Like the list of things that could potentially kill Deutsche Bank, the roster of events that can send bitcoin into a tailspin continues to grow. Bitcoin-linked buttplugs, John McAfee self-mutilation and cannibalization promises, Winklevii and the slow realization of the essential pointlessness of the whole crypto project have all proven poison to BTC’s value against fiat currencies, which given the whole philosophy behind bitcoin should be irrelevant but of course isn’t. Speaking of things that shouldn’t necessarily be, Mark Zuckerberg is planning a cryptocurrency of his own. You might think that the prospect of a competing fake currency from one of the world’s biggest and most ubiquitous companies (and not, say, Kodak) might have bitiots a bit worried that their crypto might not end up being the crypto to end all cryptos, and that conversely plans by lawmakers and regulators to destroy the Facebook token in the womb might cheer them. But, of course, it’s the opposite.

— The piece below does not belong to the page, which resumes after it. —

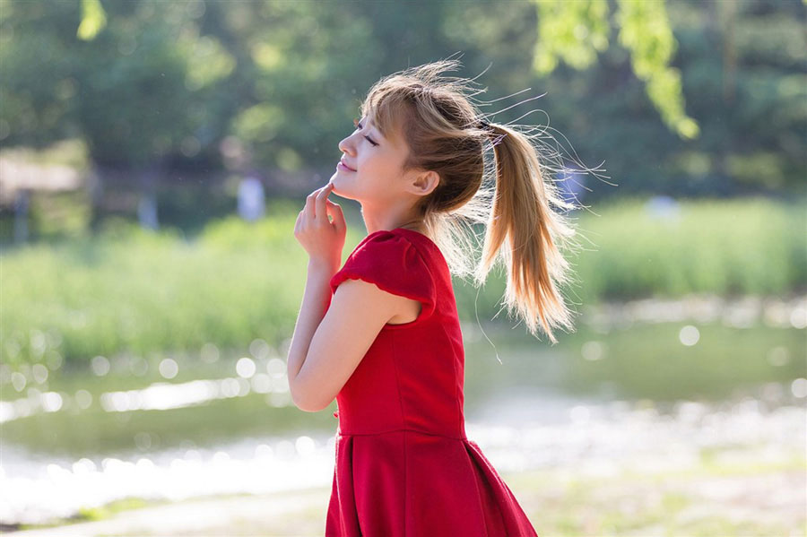 原图中人物发丝由于风吹的缘故,都飘了起来;同时人物有点逆光,飘起的发丝都比较亮;虽然杂乱了一点,不过发丝与背景色差较大,用通道抠取发丝是非常理想的,所以下面我们就一起看看如何使用PS通道工具抠出外景美女人像并更换背景。

The world’s most popular cryptocurrency has fallen sharply as regulatory scrutiny of Facebook’s ambitious plan to release its own digital coin, called Libra, has spoiled bitcoin’s big rally this year.
The price of bitcoin recently slid to about $9,100, according to research site CoinDesk. Before bouncing back later Wednesday, it had lost almost a third of its value after trading above $13,000 a week ago, which was near its high for the year.
Enthusiasm about Facebook’s plans drove much of the earlier rally. There was hope that Libra would bring widespread cryptocurrency adoption and legitimize the industry, from which bitcoin would benefit.
To make matters worse, investment guru and bitcoin skeptic Ray Dalio’s here to remind users of a different social media platform that there’s a proven non-fiat-currency store of value out there, and now’s a pretty good time to buy some.
Most people now believe the best “risky investments” will continue to be equity and equity-like investments, such as leveraged private equity, leveraged real estate, and venture capital, and this is especially true when central banks are reflating…. I think these are unlikely to be good real returning investments and that those that will most likely do best will be those that do well when the value of money is being depreciated and domestic and international conflicts are significant, such as gold. Additionally, for reasons I will explain in the near future, most investors are underweighted in such assets, meaning that if they just wanted to have a better balanced portfolio to reduce risk, they would have more of this sort of asset. For this reason, I believe that it would be both risk-reducing and return-enhancing to consider adding gold to one’s portfolio. I will soon send out an explanation of why I believe that gold is an effective portfolio diversifier.